▸ TASK OBJECTIVE
No pictures belong in the copy. Set down exactly the lines from the one that contains "The simulation results" through the end of the data.

▸ DATA EXTRACT
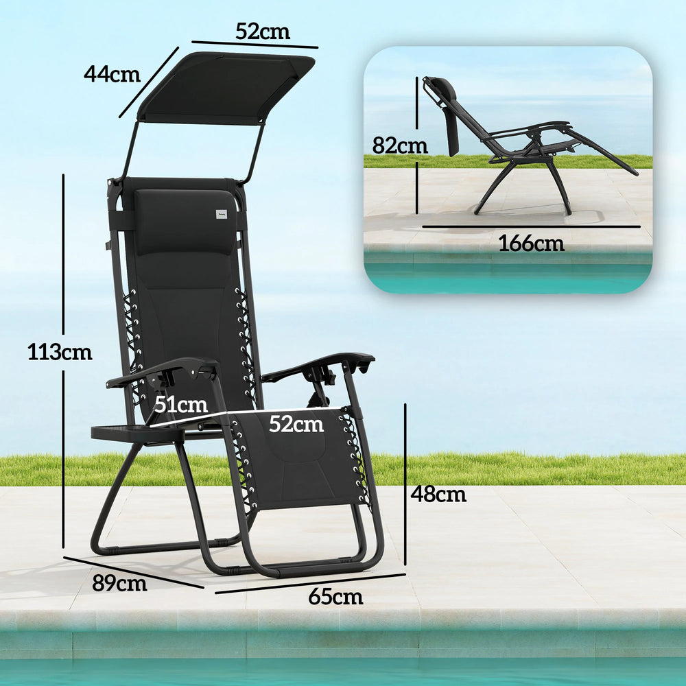 Outsunny Zero Gravity Lounger Chair Set of 2, Folding Reclining Patio Chair with Shade Cover, Padded Seat, Cup Holder, Soft Cushion and Headrest for Poolside, Camping, Black
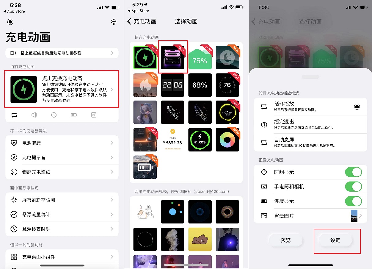 安装之后,点击“更换充电动画”,接着点击APP最近新增的「灵动半岛」充电动画图标,之后根据需求设置充电动画播放模式和配置充电动画,比如设置背景图、时间等等。之后点击“设定”即可,如图所示。
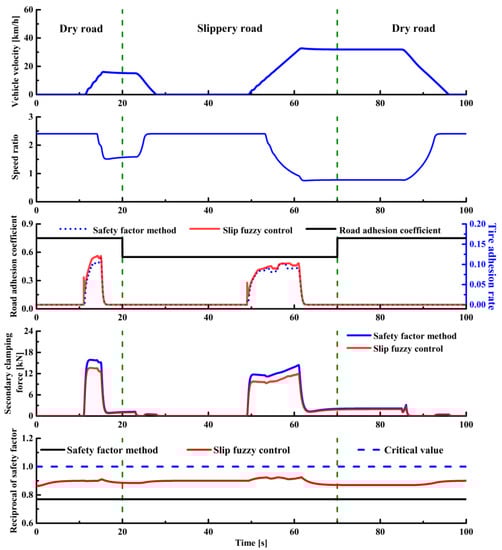 The simulation results of the road adhesion coefficient abrupt change condition are presented in Figure 16. The vehicle enters the slippery road from a dry road at 20 s and then drives to a dry road again at 70 s. When the road adhesion coefficient changes, the drive tire adhesion rate is consistently lower than the road adhesion coefficient, so the drive wheels will not slip. At the same time, 1/Sfr is lower than the critical value, and there is no macro slip in CVT. Additionally, the clamping force fuzzy control strategy reduces the clamping force to a certain extent.
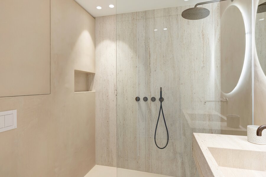 L’appartement dispose de 2 larges terrasses, l’une donnant sur la mer et l’autre orientée sud avec une vue dégagée sur la verdure.
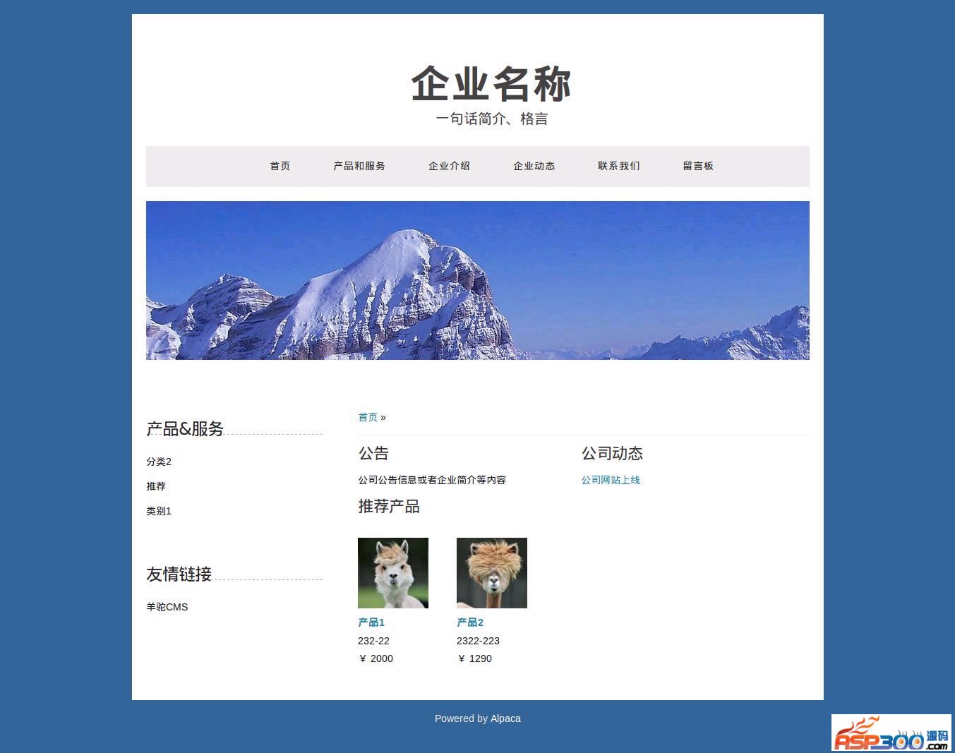 羊驼 v3.8 企业版(仿阿里巴巴单企业界面)方便中小企业建站使用,包含产品、新闻、网上询价等模块。羊驼! 是一个开源的轻量级树状 CMS 系统。 它基于 php + mysql 并以 b2core MVC 为底层架构。 可以方便快速的配置出个人、企业网站。在B2Core 优雅的MVC架构之上你可以轻松定制任意应用型网站。羊驼 v3.8 企业版更新:修复了后台错误,和前台图片地址问题。企业版主要是针对中小企业建站的需求做了进一步的定制,主要有1. 参照阿里巴巴单企业的界面设定栏目。2. 通过模板和模块功能配置了产品、新闻栏目3. 通过插件 freeform 配置了在线订单功能。

▸ WRITTEN ANSWER
 The simulation results of the road adhesion coefficient abrupt change condition are presented in Figure 16. The vehicle enters the slippery road from a dry road at 20 s and then drives to a dry road again at 70 s. When the road adhesion coefficient changes, the drive tire adhesion rate is consistently lower than the road adhesion coefficient, so the drive wheels will not slip. At the same time, 1/Sfr is lower than the critical value, and there is no macro slip in CVT. Additionally, the clamping force fuzzy control strategy reduces the clamping force to a certain extent.
 L’appartement dispose de 2 larges terrasses, l’une donnant sur la mer et l’autre orientée sud avec une vue dégagée sur la verdure.
 羊驼 v3.8 企业版(仿阿里巴巴单企业界面)方便中小企业建站使用,包含产品、新闻、网上询价等模块。羊驼! 是一个开源的轻量级树状 CMS 系统。 它基于 php + mysql 并以 b2core MVC 为底层架构。 可以方便快速的配置出个人、企业网站。在B2Core 优雅的MVC架构之上你可以轻松定制任意应用型网站。羊驼 v3.8 企业版更新:修复了后台错误,和前台图片地址问题。企业版主要是针对中小企业建站的需求做了进一步的定制,主要有1. 参照阿里巴巴单企业的界面设定栏目。2. 通过模板和模块功能配置了产品、新闻栏目3. 通过插件 freeform 配置了在线订单功能。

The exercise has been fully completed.